§ **Data below**:
+++

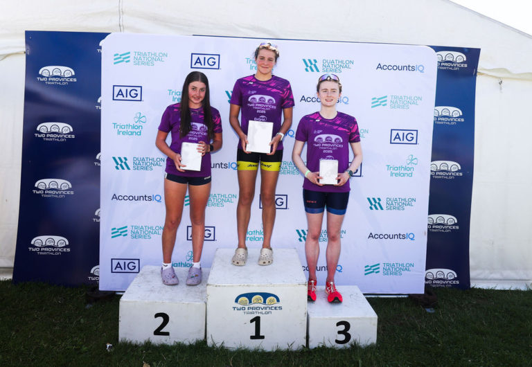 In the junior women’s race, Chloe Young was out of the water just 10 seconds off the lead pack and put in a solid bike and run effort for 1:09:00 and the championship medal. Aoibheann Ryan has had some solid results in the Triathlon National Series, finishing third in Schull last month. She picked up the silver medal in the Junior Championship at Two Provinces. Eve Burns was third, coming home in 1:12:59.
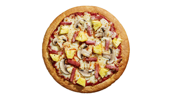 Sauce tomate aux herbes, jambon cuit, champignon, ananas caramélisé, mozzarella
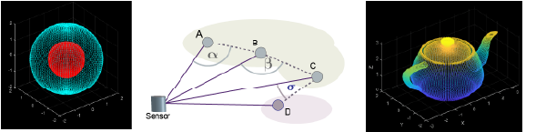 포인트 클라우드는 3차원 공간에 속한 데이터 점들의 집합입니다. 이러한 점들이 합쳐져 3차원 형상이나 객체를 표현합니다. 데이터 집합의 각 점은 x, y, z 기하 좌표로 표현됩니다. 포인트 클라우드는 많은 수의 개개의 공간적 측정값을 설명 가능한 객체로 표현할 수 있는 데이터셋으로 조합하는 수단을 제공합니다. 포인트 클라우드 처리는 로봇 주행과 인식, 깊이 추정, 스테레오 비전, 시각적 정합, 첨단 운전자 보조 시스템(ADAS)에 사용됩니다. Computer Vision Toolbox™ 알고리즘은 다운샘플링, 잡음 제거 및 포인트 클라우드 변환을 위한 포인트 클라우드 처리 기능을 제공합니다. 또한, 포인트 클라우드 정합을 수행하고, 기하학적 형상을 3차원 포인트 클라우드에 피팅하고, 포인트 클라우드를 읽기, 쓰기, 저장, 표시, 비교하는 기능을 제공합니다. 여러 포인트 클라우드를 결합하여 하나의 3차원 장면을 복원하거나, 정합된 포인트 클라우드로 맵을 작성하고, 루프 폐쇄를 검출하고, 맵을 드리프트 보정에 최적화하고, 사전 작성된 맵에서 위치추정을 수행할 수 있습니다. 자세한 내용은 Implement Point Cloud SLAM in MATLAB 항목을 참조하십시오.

+++

§ **What the exercise asks**:
Would you please repeat the lines above exactly, from the first line of the listing through the line holding "Sauce tomate aux", with nothing added and no pictures?

§ **Exercise solution**:
 In the junior women’s race, Chloe Young was out of the water just 10 seconds off the lead pack and put in a solid bike and run effort for 1:09:00 and the championship medal. Aoibheann Ryan has had some solid results in the Triathlon National Series, finishing third in Schull last month. She picked up the silver medal in the Junior Championship at Two Provinces. Eve Burns was third, coming home in 1:12:59.
 Sauce tomate aux herbes, jambon cuit, champignon, ananas caramélisé, mozzarella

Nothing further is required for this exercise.